Things are hardly better in the Piano Concerto. Again, any recording by Oborin will be significant: as Oistrakh with the VC, he was the piece's dedicatee and first performer. This is also the only Khachaturian recording by Mravinsky, conducting here not his own Leningrad, but the Czech Philharmonic. Though made a year earlier, on June 1st, during the first and newly-founded Prague Festival, the recording offers slightly better sonic definition (that the Piano Concerto is much louder also helps) - but it still sounds like an antiquated 78rmp or an old air-check, distant, congested, with slight but constant static. Also, when you reach the third movement, suddenly you get what appears like a studio recording dubbed from an LP, surface noise and all. Applause erupts at the end, but you can clearly hear over headphones that it was spliced in. My hunch is that the original source was deteriorated or lost, and that the producers sneakily spliced in the missing part from an LP. And add to that that it plays a semi-tone too low. Ghastly.

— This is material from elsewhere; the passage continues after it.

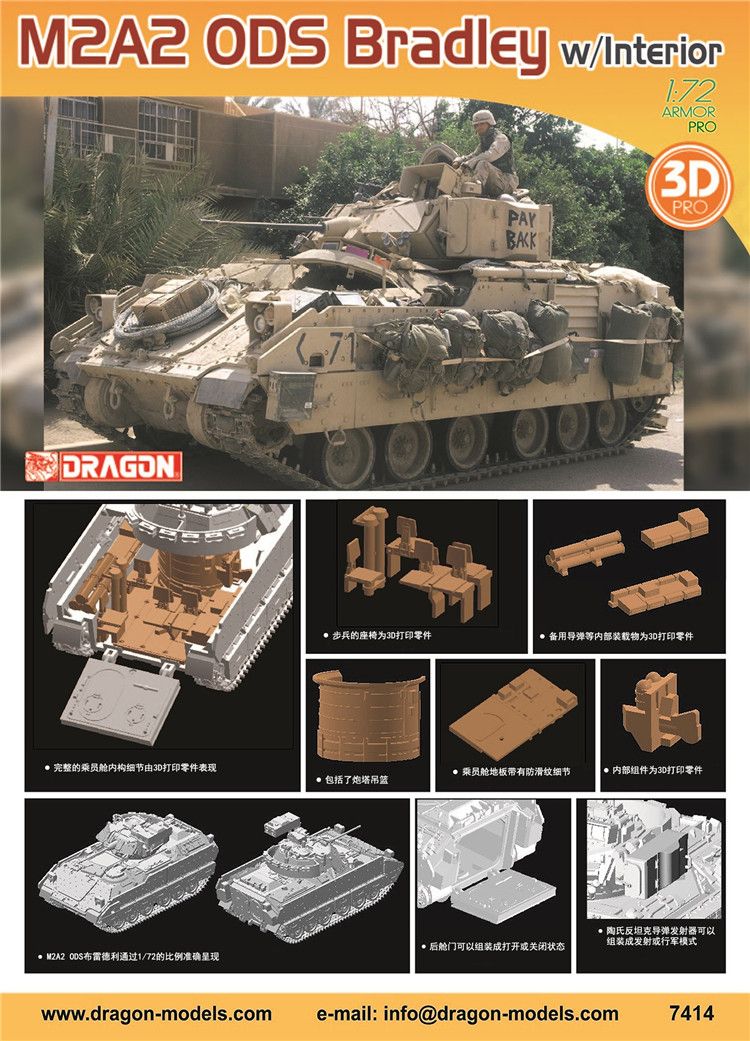Dragon 1/72 Scale M2A2 ODS Bradley with Interior Model Kit

And all the more regrettable as what you get is the sonic ghost of a performance of incredible drive and fire, one that is, in the outer movements, always faster than the composer's metronome marks - and all for the better, as it dispels any impression of bombast, in favor of hair-raising urgency, sometimes even at the expense of clarity and sensuousness, as in Mravinsky's phrasing of the first movement's second, folksy theme at 2:10: in accordance with the composer's instruction but unlike just about everybody else, he insists on keeping it at tempo (and, remember, his is faster than the one prescribed by the composer), and he takes it yet faster when it returns at 8:08. Likewise, Mravinsky plays the second movement at the prescribed tempo, e.g. significantly faster than the interpretive tradition that everybody save the composer seems to follow since William Kapell's pionneering 1946 recording (Prokofiev/Khachaturian or William Kapell Edition Vol 4: Prokofiev: Piano concerto no. 3 / Khachaturian: Piano concerto / Shostakovich: Preludes for piano). BUT - as Koussevitzky and, astoundingly, the composer, Mravinsky omits the flexatone. Too bad.
I was unable to track down who the substitute for the finale was: not, as I first suspected, Oborin's studio recording with the composer conducting (sadly it hasn't been reissued on CD, but can be heard on U-tube), and none of the versions I have from the 78rpm and mono era (Kapell, Levant, Lympany). I'd love to know: it's a bit untidy (both from soloist and orchestral soloists), but it's great, with fabulous energy - even at the semi-tone too slow.
Praga is all but candid about the defects of these recordings. The liner notes are very informative about the compositions, but nearly silent about the circumstances of the recordings, just giving the recording dates in small type. This is close to being a fraud. Multisonic was more open about it, concentrating its liner notes on the circumstances of the Prague Spring Festival. Avoid, unless you are a diehard collector of the any or all of the artists involved.